Cataglyphis fortis is a species of ant in the subfamily Formicinae. Found in Tunisia, the ants inhabit salt pans where they forage dead arthropods.
This ant ventures far from its burrow in the Sahara Desert, which has almost no identifiable features. While venturing out it periodically takes measurements of its angle in respect to the Sun. By doing this the ant can venture far from its nest in search of food. Because of the blistering heat, it can only do this for about 3–5 minutes/day (the hottest time of the day, when all its predators are in hiding from the sun). When the ant finds a dead insect it then looks at the sun and because of its periodic references to the sun's angle it knows exactly what the shortest route back to the nest is. Researchers from the Max Planck Institute for Chemical Ecology have also verified that desert microhabitats have unique odour signatures that can guide the ants back to the nest.
This skill, which has also been observed in the behavior of foraging honey bees, is elemental to the survival of this species of ant under the harsh conditions in which it lives. This behavior allows Cataglyphis to travel farther from its nest than any other creature that lives in the Sahara, with respect to size.

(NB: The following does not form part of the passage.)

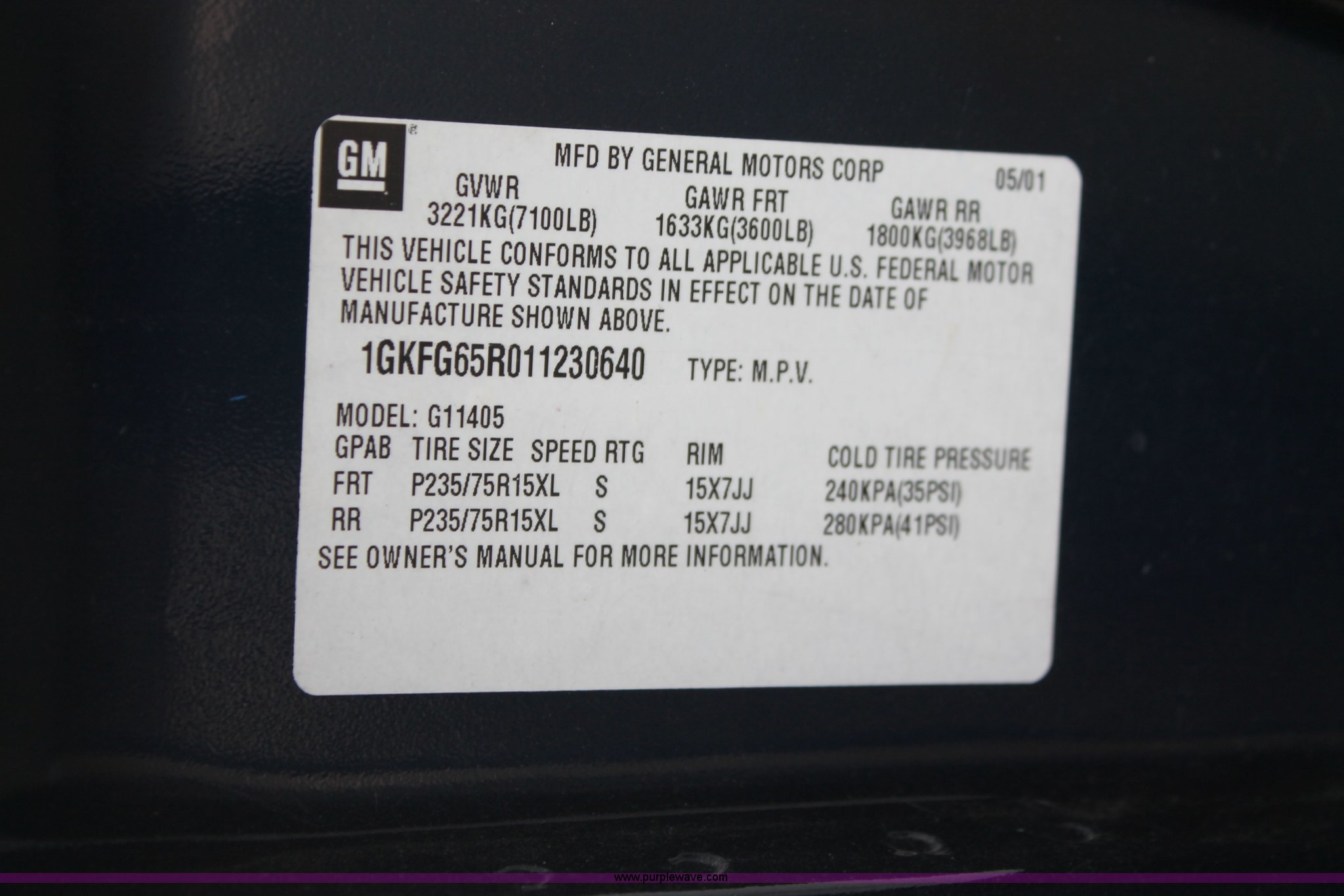 Purple Wave is selling a used Wrecked and Abandoned in Kansas. This item is a 2001 GMC Savana G1500 SLT van with the following: Unknown miles on odometer, 5.7L V8 OHV 16V gas engine, Automatic transmission, AM/FM/CD/cassette, Receiver hitch, Trailer wiring, Keys, LT235/75R15 tires, Dents and scratches, Paint damaged, Flat tire, Battery dead, Interior cosmetic damage, Case# 13C045186

The ant appears to use an internal pedometer to count its steps in a harsh environment where odors quickly vanish, enabling it to "count back" to its nest.[1] When stilts were glued on to the ants legs, they overshot the distance of their nests, while ants with cut legs traveled short of their nest. It's suspected that while the ants unlikely have the brainpower to literally count steps, they are somehow doing it intuitively.[2]
Cataglyphis fortis is capable, as well, of memorizing up to 14 different food odors which seemingly exceeds its requirements for survival. Workers from a colony were presented with several different food odors and were observed to remember them for up to 25 days following their initial introduction to the odor, which exceeds the average expected lifespan of about six days before they tend to be killed by predators. Researchers were consequentially stunned that ants who had reached over four times the average expected age could still remember what they learned. Puzzled at this, they reasoned that it makes sense due to food being unpredictable, and the ants may come across several different food items in a single foraging run while nest scents tend to remain the same and will not drastically change during any given ant's lifetime.[3]